From nanoparticles to bulk crystalline solid: nucleation, growth kinetics and crystallisation of mixed oxide ZrxTi1−xO2 nanoparticles

Abstract

We describe the preparation of mixed metal oxide nanoparticles of a desirable composition and their transformation to the crystalline solids Zr_xTi_1−xO₂ (0.0 ≤ x ≤ 1.0) after heat treatment. The correlation analysis between the size of the nucleus, the crystalline phase and the elemental composition of the solid is presented. Mixed metal oxide zirconium–titanium-oxo-alkoxy (ZTOA) nanoparticles of different elemental compositions 0 ≤ x = C_Zr/(C_Zr + C_Ti) ≤ 1 were prepared via the sol–gel method in a reactor by rapid micromixing of n-propanol fluids containing the precursors and water. The structural transformation of the nanoparticles takes place in two temperature ranges, 210–250 °C and 380–680 °C, which sensitively depends on the elemental composition. In the range 0.3 ≤ x ≤ 0.6, stable ZTOA nanoparticles with a radius of 2.1 ± 0.05 nm appeared at the hydrolysis ratio H ≤ 1.5. The heat treatment results in a single orthorhombic Zr_xTi_1−xO₂ phase.
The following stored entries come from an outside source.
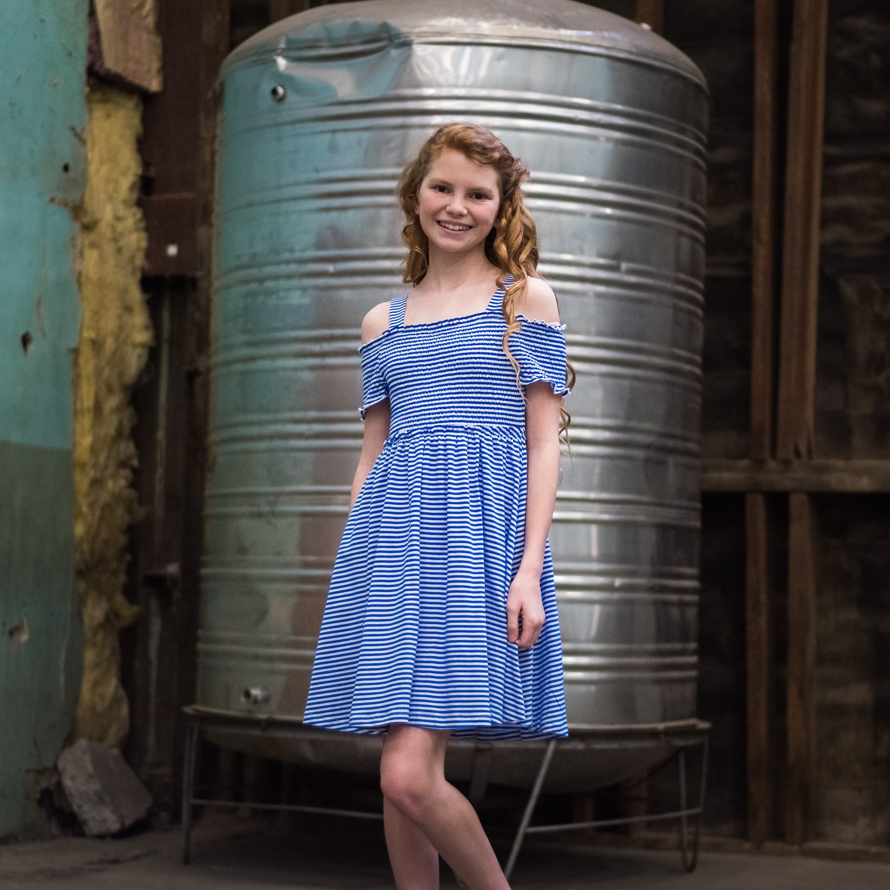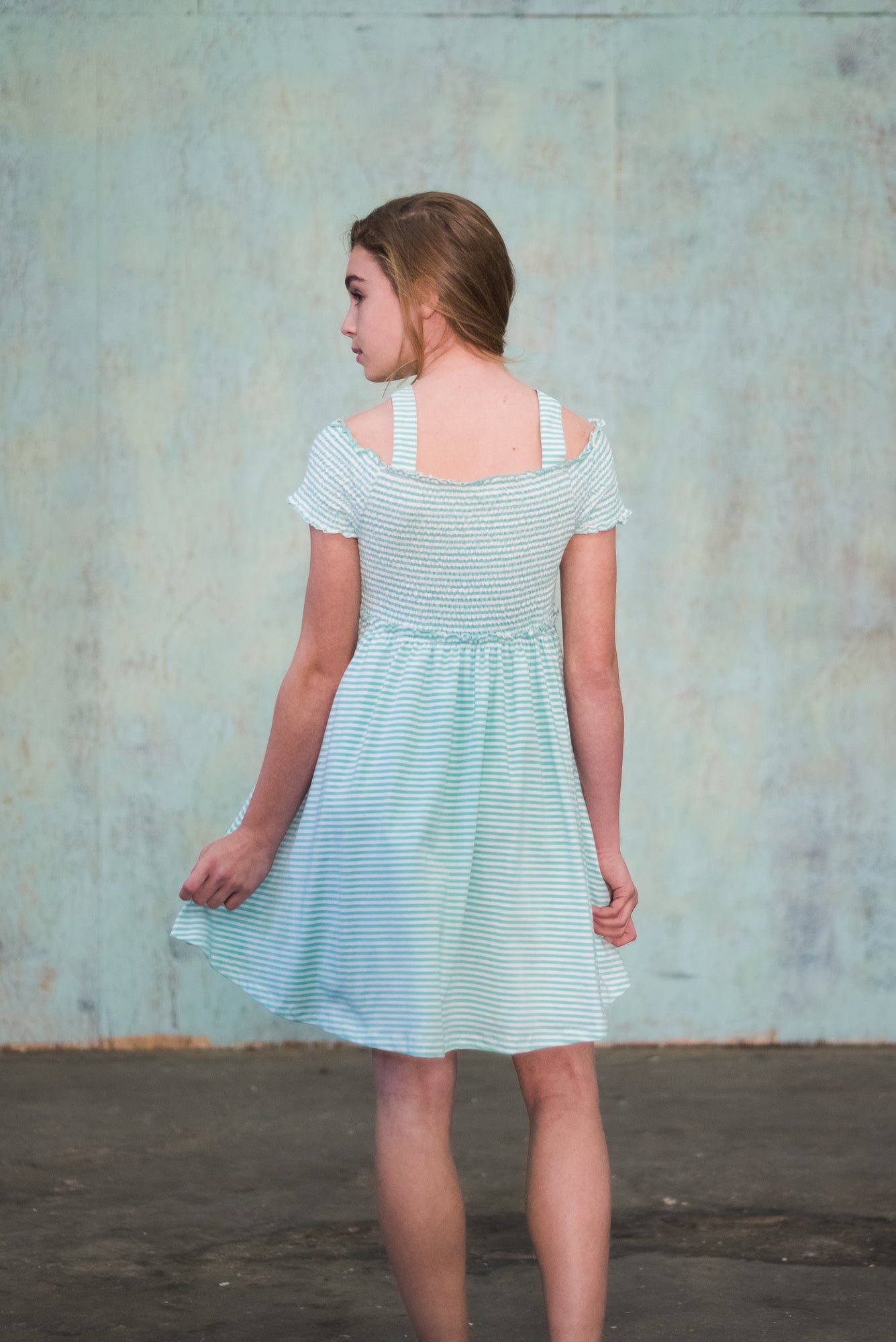 Off-the-shoulder style meets playful stripes in this charming dress for girls. The relaxed neckline creates an effortless, trendy look, while the classic striped pattern adds timeless appeal. Available in four versatile colors to match her style. Perfect for casual outings, playdates, or seasonal celebrations. Soft, comfortable fabric keeps her moving freely all day long.
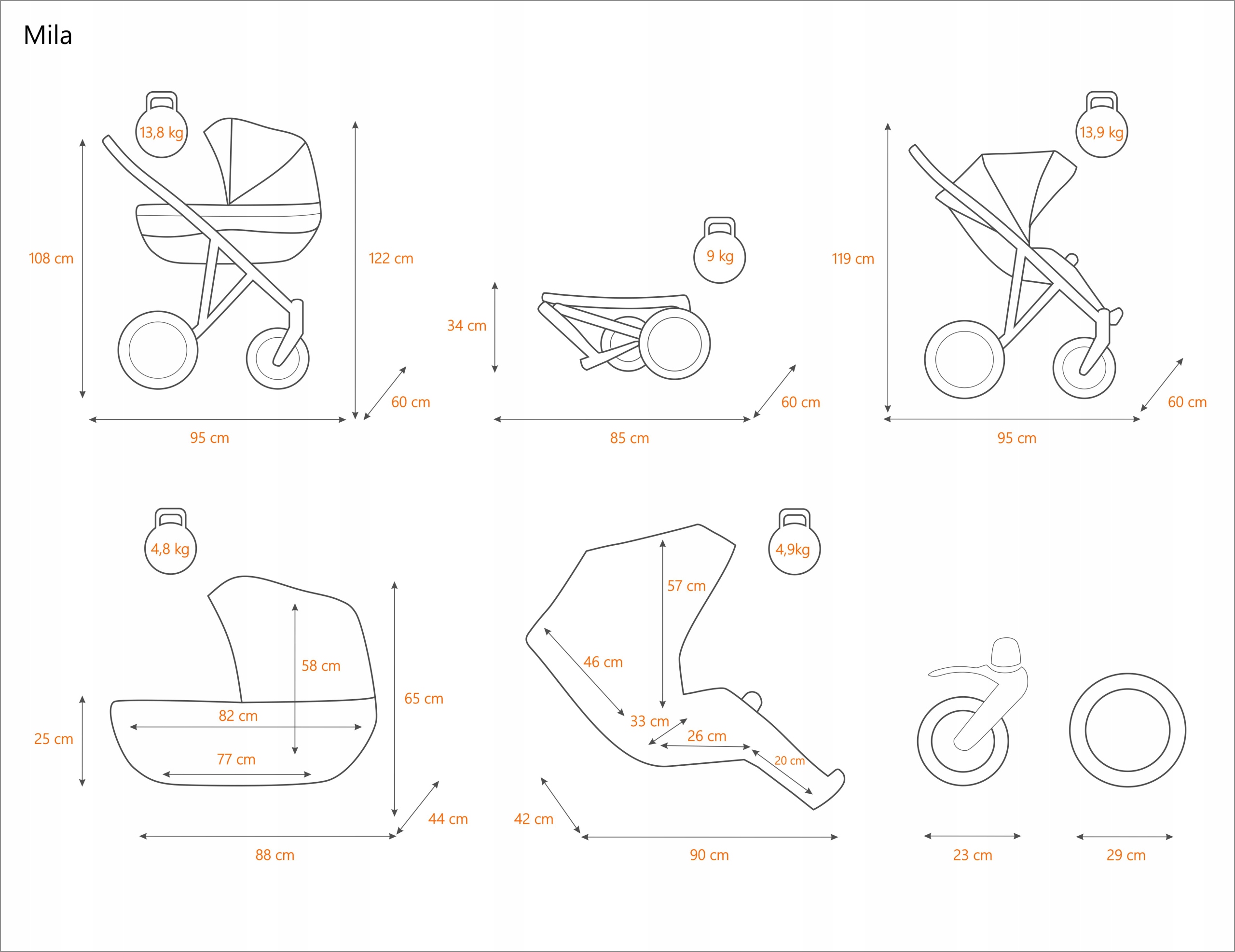 dopasowany pokrowiec chroniący przed niekorzystnymi warunkami atmosferycznymi rączka obszyta EKO skórą w budce umożliwiająca przenoszenie gondoli z dzieckiem folia przeciwdeszczowa materacyk i delikatne wyścielenie gondoli płynna regulacja oparcia pod główkę dla dziecka duża i wygodna gondolka wymiary wentylacja
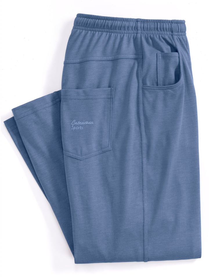 Брюки для отдыха с элегантным внешним видом благодаря отстроченной окантовке. Талия на шнурке и удобном эластичном поясе. Два боковых кармана, включая один для монет, и один задний карман.

The crystallisation onset temperature was the highest in this range of x, attaining 680 °C at x = 0.5. In the range 0 ≤ x ≤ 0.2, the particle radius decreased to 1.6 nm for pure titanium-oxo-alkoxy nuclei (TOA, x = 0); their heat treatment resulted in a single TiO₂ anatase phase. In the range 0.7 ≤ x ≤ 1, the particle radius decreased to 1.8 nm for pure zirconium-oxo-alkoxy nuclei (ZOA, x = 1); their heat treatment resulted in mixed monoclinic and tetragonal ZrO₂ phases. The crystalline cell parameters of the observed phases underwent a continuous variation with x. TEM images evidenced the nanoporous structure of submicronic orthorhombic Zr_xTi_1−xO₂ monocrystals with a mean pore size of about that of the ZTOA nanoparticles.